Final answer:
To accommodate 92% of the students completing a college achievement test normally distributed with a mean of 92 minutes and a standard deviation of 9 minutes, the test should be terminated at approximately 104.70 minutes.
Step-by-step explanation:
To determine when the college achievement test should be terminated to allow 92% of the students to complete it, we need to find the test duration that corresponds to the 92nd percentile of the normally distributed test completion times. The mean test completion time is given as 92 minutes, and the standard deviation is 9 minutes.
First, we look up the z-score that corresponds to the 92nd percentile in a standard normal distribution table or use a calculator that provides this functionality.
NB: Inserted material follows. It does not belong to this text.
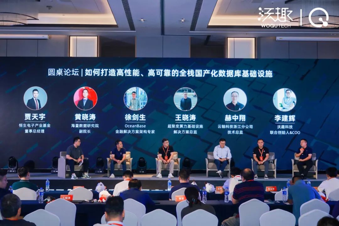 此外,大会还举办了以“如何打造高性能、高可靠的全栈国产化数据库基础设施”为主题的圆桌论坛。圆桌由恒生电子产业基金董事总经理 贾天宇主持,海量数据研究院副院长 黄晓涛、OceanBase金融解决方案架构专家 徐剑生、超聚变算力基础设施解决方案总监 王晓涛、云轴科技浙江分公司技术总监 赫中翔、沃趣科技联合创始人&COO 李建辉分享各自的观点,进行思想的交流碰撞。
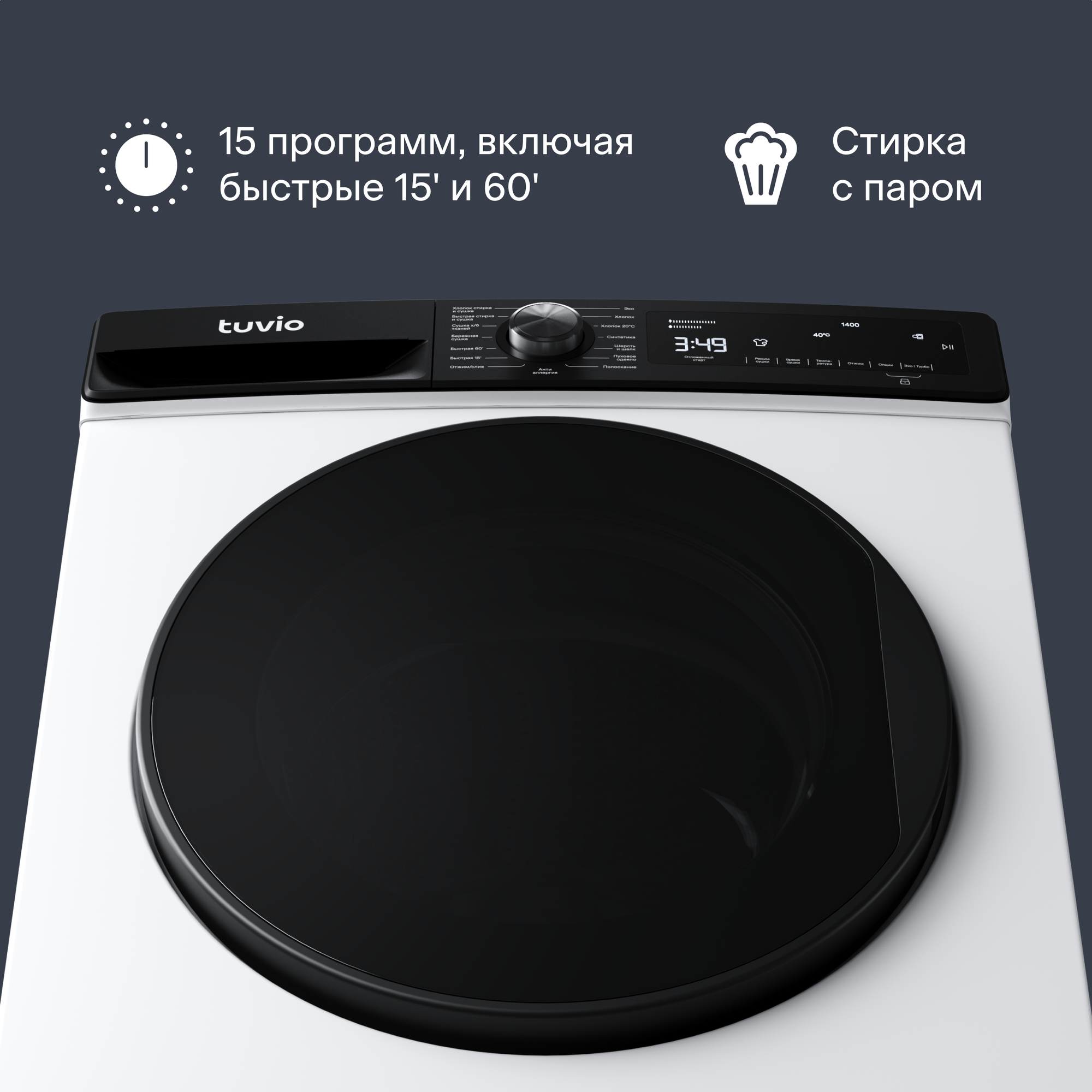 Стиральная машина с сушкой, инвертором и паром Tuvio DFF98HW21, белый информация:

The z-score for the 92nd percentile is approximately 1.41.
Next, we use the z-score formula:
z = (X - μ) / σ
Where z is the z-score, X is the value from the normal distribution (the test duration we are solving for), μ is the mean, and σ is the standard deviation.
Plugging in the values we have:
1.41 = (X - 92) / 9
Now we solve for X:
X = 1.41 * 9 + 92
X = 12.69 + 92
X = 104.69
Therefore, the test should be terminated at 104.69 minutes, which can be rounded to 104.70 minutes, to allow enough time for 92% of the students to complete it.